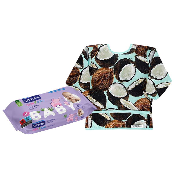Enriched with nurturing ingredients from a protective diaper cream, these wipes are ideal for daily hygiene and skincare for the youngest, usable from the very first day of life. Children's skin, particularly in the first year, is far more delicate than adult skin. The material used to make these wipes is exceptionally soft and skin-friendly, crafted without any plastic - 60 Wipes + Long Sleeve Bib
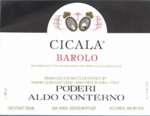 BAROLO 1998 - GIANFRANCO ALESSANDRIA Il granato è fulgido e pieno, senza unghie di sorta. Il suo naso sfumato, sussurrato, accennato su avviluppi ampi e dilatati di autunno e bacche. In bocca ha passo sabbioso e sensibile diffusione tannica, senza morsi o ferite , giocando le sorti sui registri di una timida eleganza. E' il vino che più ha sofferto il confronto ma, come ebbi a dire al momento del mio primo assaggio, datato settembre 2002, è una buona base. Veramente. Di sincera dignità. Certo il peso, e la caratura, del San Giovanni di Gianfranco - ahinoi assente - mi sono apparsi - ed ancor mi appaiono - un'altra cosa. Barolo Vigna Cicala 1998 - Poderi Aldo Conterno
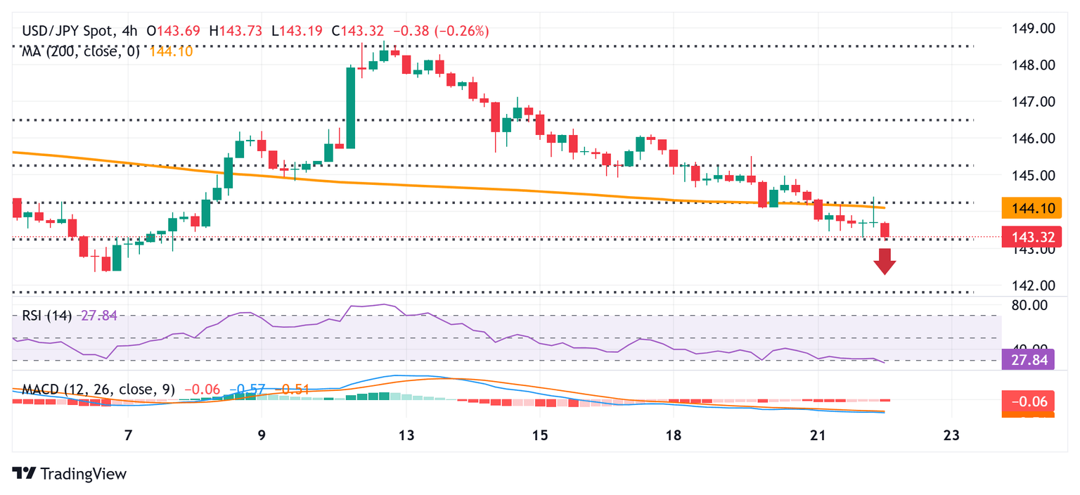 Meanwhile, oscillators on the daily chart have just started gaining negative traction and suggest that the path of least resistance for the USD/JPY pair remains to the downside. However, the Relative Strength Index (RSI) on the 4-hour chart has moved on the verge of breaking into oversold territory, making it prudent to wait for some near-term consolidation before positioning for the next leg of a downfall. That said, acceptance below the 143.20 area, or the 61.8% Fibo. retracement level, might prompt some technical selling and drag spot prices below the 143.00 round figure, to the next relevant support near the 142.40-142.35 area en route to the 142.00 mark.
----
**Description of the task**
When you copy the listing above, reproduce every line exactly and skip the images.

**Response**
Enriched with nurturing ingredients from a protective diaper cream, these wipes are ideal for daily hygiene and skincare for the youngest, usable from the very first day of life. Children's skin, particularly in the first year, is far more delicate than adult skin. The material used to make these wipes is exceptionally soft and skin-friendly, crafted without any plastic - 60 Wipes + Long Sleeve Bib
 BAROLO 1998 - GIANFRANCO ALESSANDRIA Il granato è fulgido e pieno, senza unghie di sorta. Il suo naso sfumato, sussurrato, accennato su avviluppi ampi e dilatati di autunno e bacche. In bocca ha passo sabbioso e sensibile diffusione tannica, senza morsi o ferite , giocando le sorti sui registri di una timida eleganza. E' il vino che più ha sofferto il confronto ma, come ebbi a dire al momento del mio primo assaggio, datato settembre 2002, è una buona base. Veramente. Di sincera dignità. Certo il peso, e la caratura, del San Giovanni di Gianfranco - ahinoi assente - mi sono apparsi - ed ancor mi appaiono - un'altra cosa. Barolo Vigna Cicala 1998 - Poderi Aldo Conterno
 Meanwhile, oscillators on the daily chart have just started gaining negative traction and suggest that the path of least resistance for the USD/JPY pair remains to the downside. However, the Relative Strength Index (RSI) on the 4-hour chart has moved on the verge of breaking into oversold territory, making it prudent to wait for some near-term consolidation before positioning for the next leg of a downfall. That said, acceptance below the 143.20 area, or the 61.8% Fibo. retracement level, might prompt some technical selling and drag spot prices below the 143.00 round figure, to the next relevant support near the 142.40-142.35 area en route to the 142.00 mark.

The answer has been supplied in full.